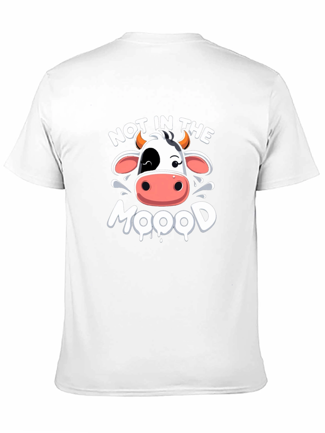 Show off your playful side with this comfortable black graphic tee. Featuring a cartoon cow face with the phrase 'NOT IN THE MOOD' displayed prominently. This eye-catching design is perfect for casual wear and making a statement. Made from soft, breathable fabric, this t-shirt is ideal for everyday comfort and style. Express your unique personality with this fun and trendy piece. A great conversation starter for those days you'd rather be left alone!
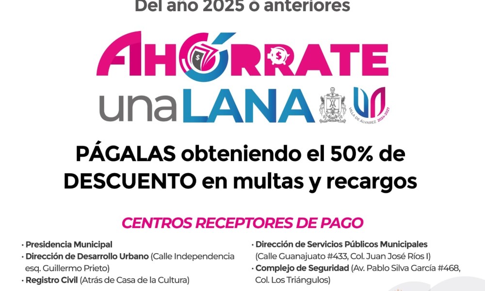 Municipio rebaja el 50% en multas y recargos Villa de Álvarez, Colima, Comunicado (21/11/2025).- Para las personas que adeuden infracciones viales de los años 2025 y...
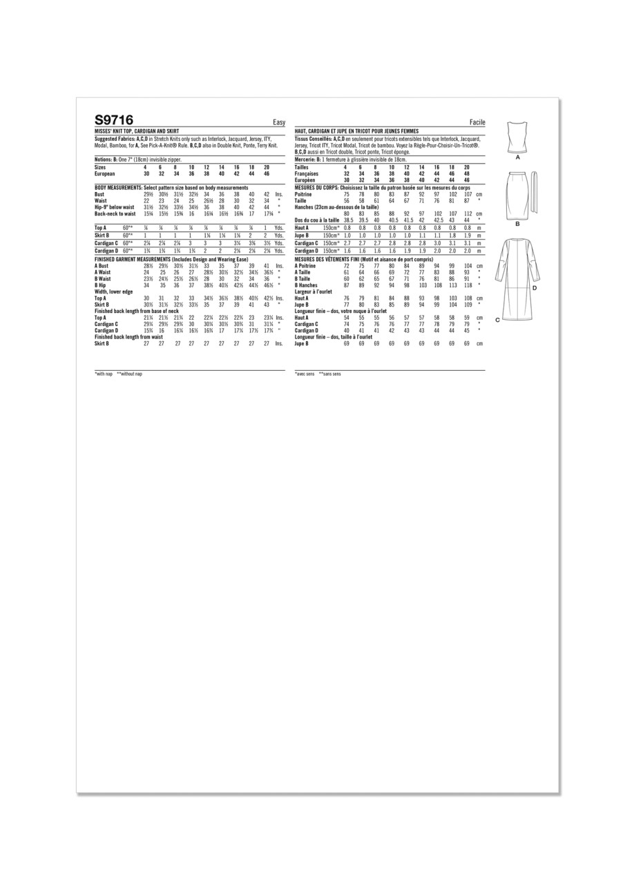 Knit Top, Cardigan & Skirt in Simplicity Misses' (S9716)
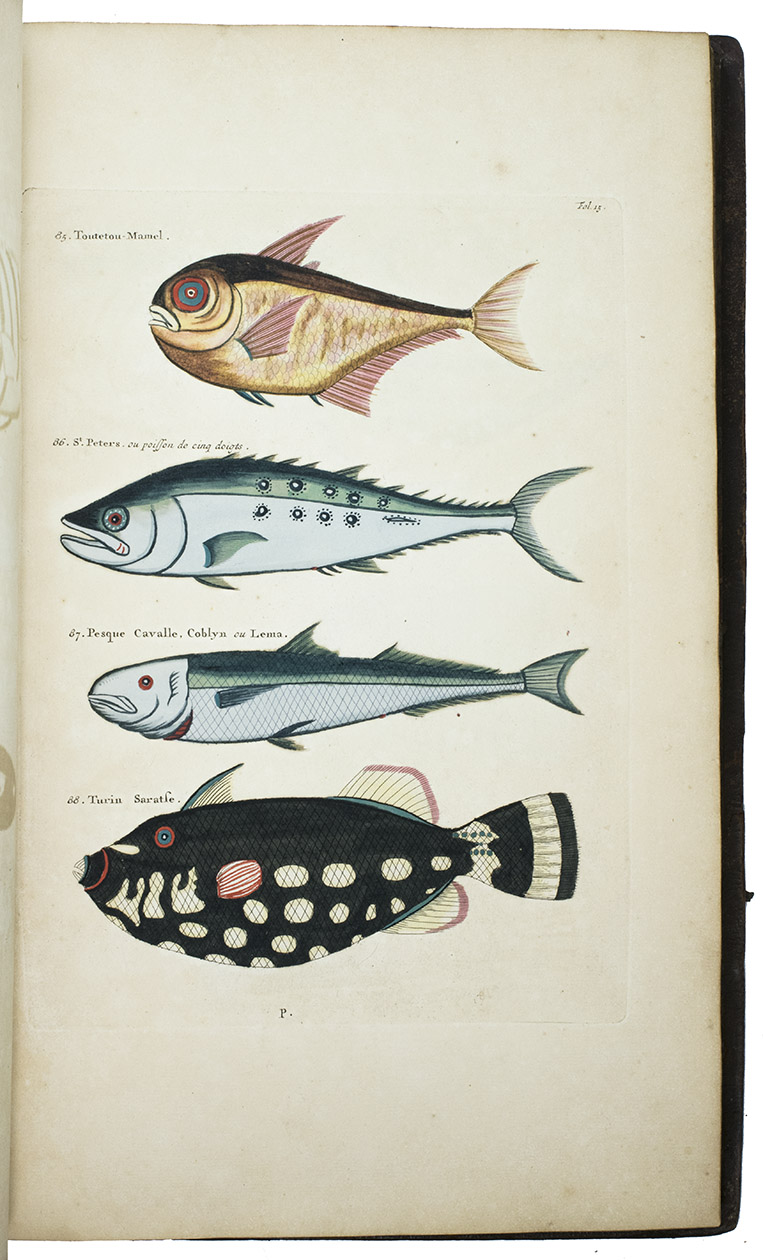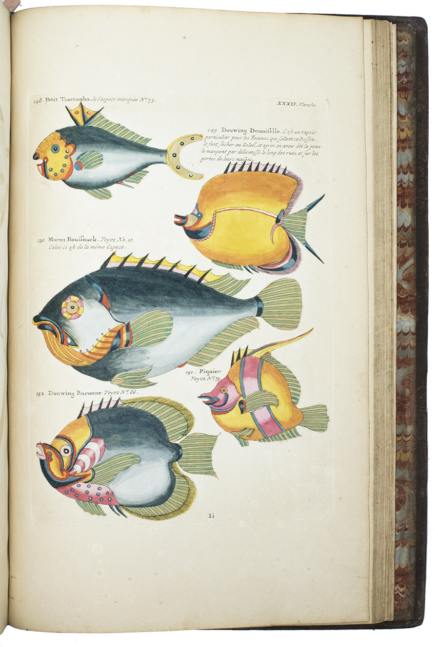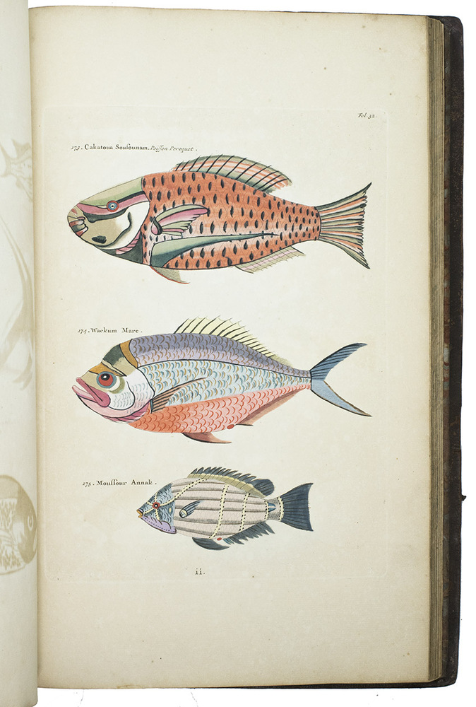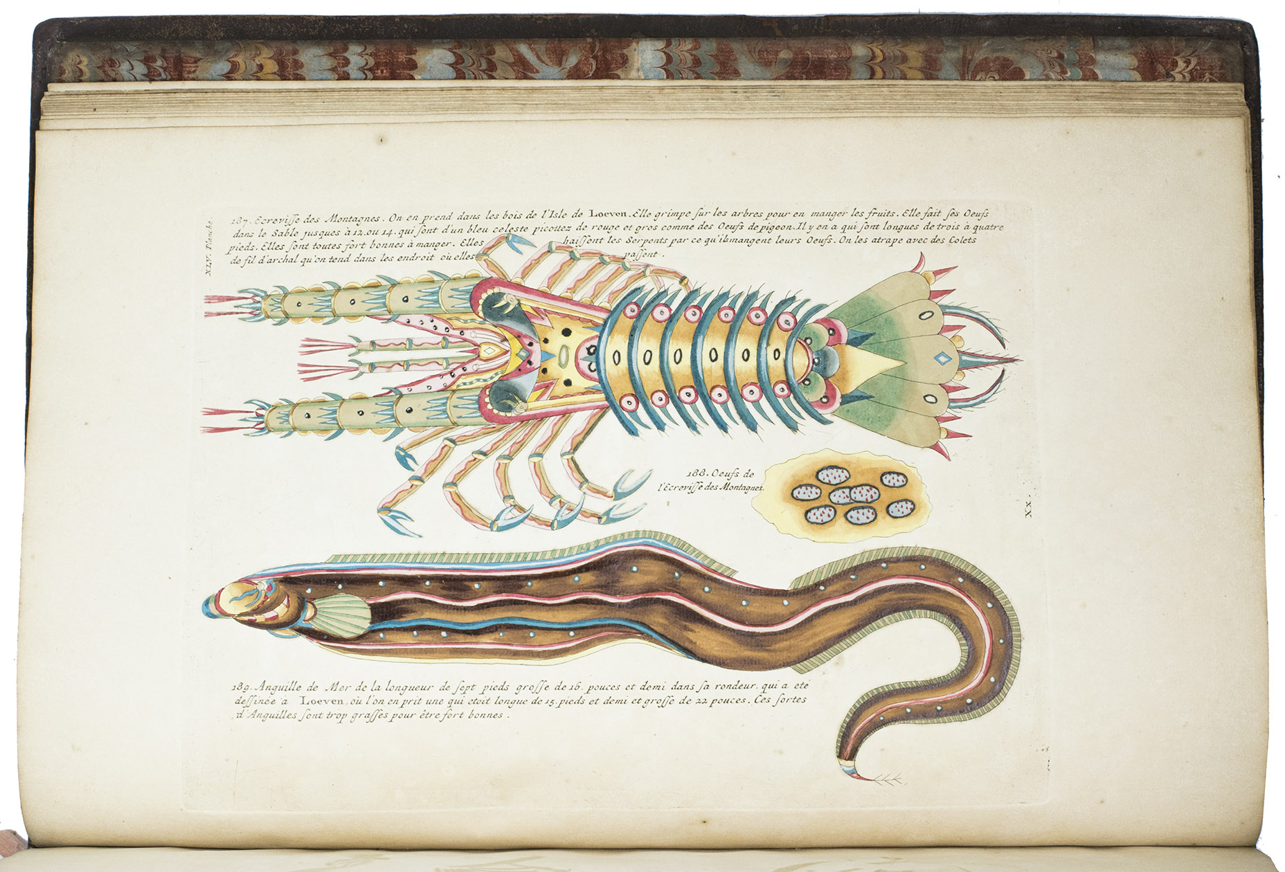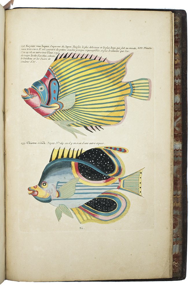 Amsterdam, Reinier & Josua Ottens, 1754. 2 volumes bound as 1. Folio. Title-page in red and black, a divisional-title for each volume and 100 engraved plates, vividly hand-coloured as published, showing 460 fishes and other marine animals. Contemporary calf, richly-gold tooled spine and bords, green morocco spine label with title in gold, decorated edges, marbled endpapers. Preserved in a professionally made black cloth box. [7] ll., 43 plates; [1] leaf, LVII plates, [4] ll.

§

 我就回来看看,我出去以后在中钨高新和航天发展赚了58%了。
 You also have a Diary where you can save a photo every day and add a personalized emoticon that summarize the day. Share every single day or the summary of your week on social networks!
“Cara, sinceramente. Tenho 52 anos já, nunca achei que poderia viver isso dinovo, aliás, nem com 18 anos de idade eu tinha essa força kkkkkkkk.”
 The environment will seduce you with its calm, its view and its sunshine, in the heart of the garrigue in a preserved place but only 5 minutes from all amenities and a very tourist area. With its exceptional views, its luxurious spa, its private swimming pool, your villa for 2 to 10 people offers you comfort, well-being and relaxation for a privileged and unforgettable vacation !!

§

**What is expected:** What is needed is an exact copy of only the lines above from the one with "Knit Top, Cardigan" to the one with "Amsterdam, Reinier &", both kept, with every picture left out.

**Response below:**
 Knit Top, Cardigan & Skirt in Simplicity Misses' (S9716)
 Amsterdam, Reinier & Josua Ottens, 1754. 2 volumes bound as 1. Folio. Title-page in red and black, a divisional-title for each volume and 100 engraved plates, vividly hand-coloured as published, showing 460 fishes and other marine animals. Contemporary calf, richly-gold tooled spine and bords, green morocco spine label with title in gold, decorated edges, marbled endpapers. Preserved in a professionally made black cloth box. [7] ll., 43 plates; [1] leaf, LVII plates, [4] ll.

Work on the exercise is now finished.